Come si legge in una nota sul sito del governo, è in programma un intervento del cancelliere dello scacchiere Philip Hammond per convincere il mondo imprenditoriale a investire nel Paese anche dopo la separazione dall’Ue: “La Gran Bretagna è un gran posto dove fare business. E noi siamo determinati a far sì che rimanga tale, anche dopo aver lasciato l’Unione europea”.
L’incubo di nuove barriere commerciali e costi più alti per le aziende impedisce sogni sereni anche alla Sony che ha annunciato di trasferire la sede legale delle sue attività europee ad Amsterdam, abbandonando così Londra.

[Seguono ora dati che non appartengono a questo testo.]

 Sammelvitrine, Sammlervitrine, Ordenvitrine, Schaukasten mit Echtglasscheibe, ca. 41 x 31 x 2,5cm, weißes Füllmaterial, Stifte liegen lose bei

“L’incertezza su Brexit è enorme”, aveva spiegato alla Cnn il portavoce della società giapponese Takashi Lida. E non è la sola, visto che già Panasonic aveva detto nell’agosto scorso che avrebbe spostato la sua sede legale europea in Olanda. Una paura che condividono le società di servizi finanziari, al punto da spingerle a trasferire oltre mille miliardi di attività fuori dal Paese. E anche grandi banche americane, come JP Morgan, Goldman Sachs, Morgan Stanley e Citigroup negli ultimi tempi hanno pensato di spostare circa 250 miliardi di euro a Francoforte.
In generale, gli scenari caotici post Brexit se non paura hanno generato sicuramente apprensione per il futuro. Al punto che anche i mezzi di informazione corrono ai ripari.

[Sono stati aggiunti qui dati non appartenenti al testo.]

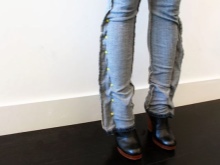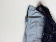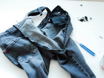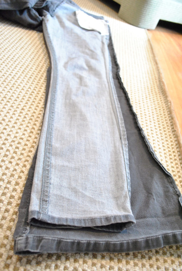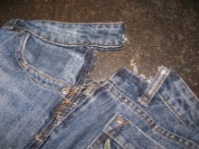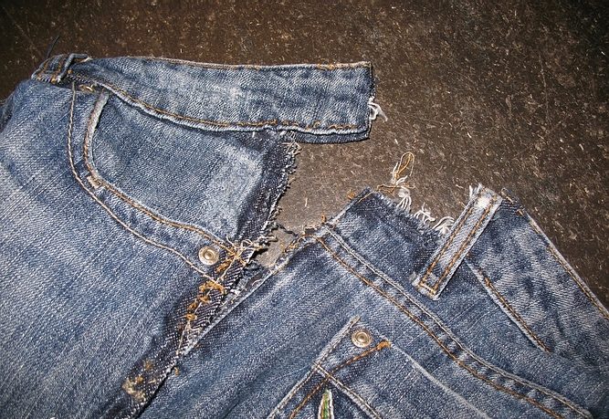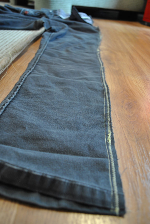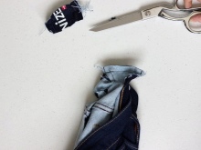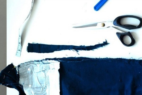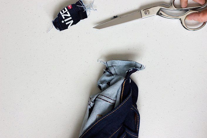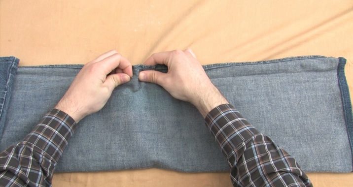 - Jeans must be removed, spread out on a horizontal surface and cut down from the knee downwards.

La Bbc, il più grande gruppo radiotelevisivo britannico, sta cercando un luogo nel continente dove aprire una sede europea per continuare a trasmettere i propri programmi nei vari stati dell’Unione.
Tra le opzioni possibili, c’è Bruxelles “che è nella shortlist, ma si stanno considerando anche altre località , come Amsterdam“, fanno sapere alcune fonti vicine alla società . Come riporta il Guardian, a Davos il primo ministro belga Charles Michel ne avrebbe parlato anche con il direttore generale della Bbc Tony Hall. Un’altra destinazione papabile potrebbe essere l’Irlanda.
L’emittente britannica avrà bisogno di licenze europee per trasmettere i suoi canali internazionali, che includono Bbc World, Bbc Entertainment, Bbc First e Bbc Earth, nel resto del continente dal 30 marzo nel caso in cui il Regno Unito lasci l’Ue senza accordo. Per assicurarsi queste licenze, quindi, potrebbe avere bisogno di un ufficio centrale o di spostare una parte consistente della forza lavoro di quel canale in uno Stato membro.
Sull’isola britannica tira una brutta aria e lo spettro del “no deal” potrebbe comportare anche un taglio degli investimenti diretti esteri nel Regno Unito. Secondo le stime del Centro studi Confindustria, il paese rischia di dover rinunciare in dieci anni a 282 miliardi di euro. E per gli stati dell’Unione potrebbe essere un’occasione da non perdere per attirare nuovi capitali stranieri.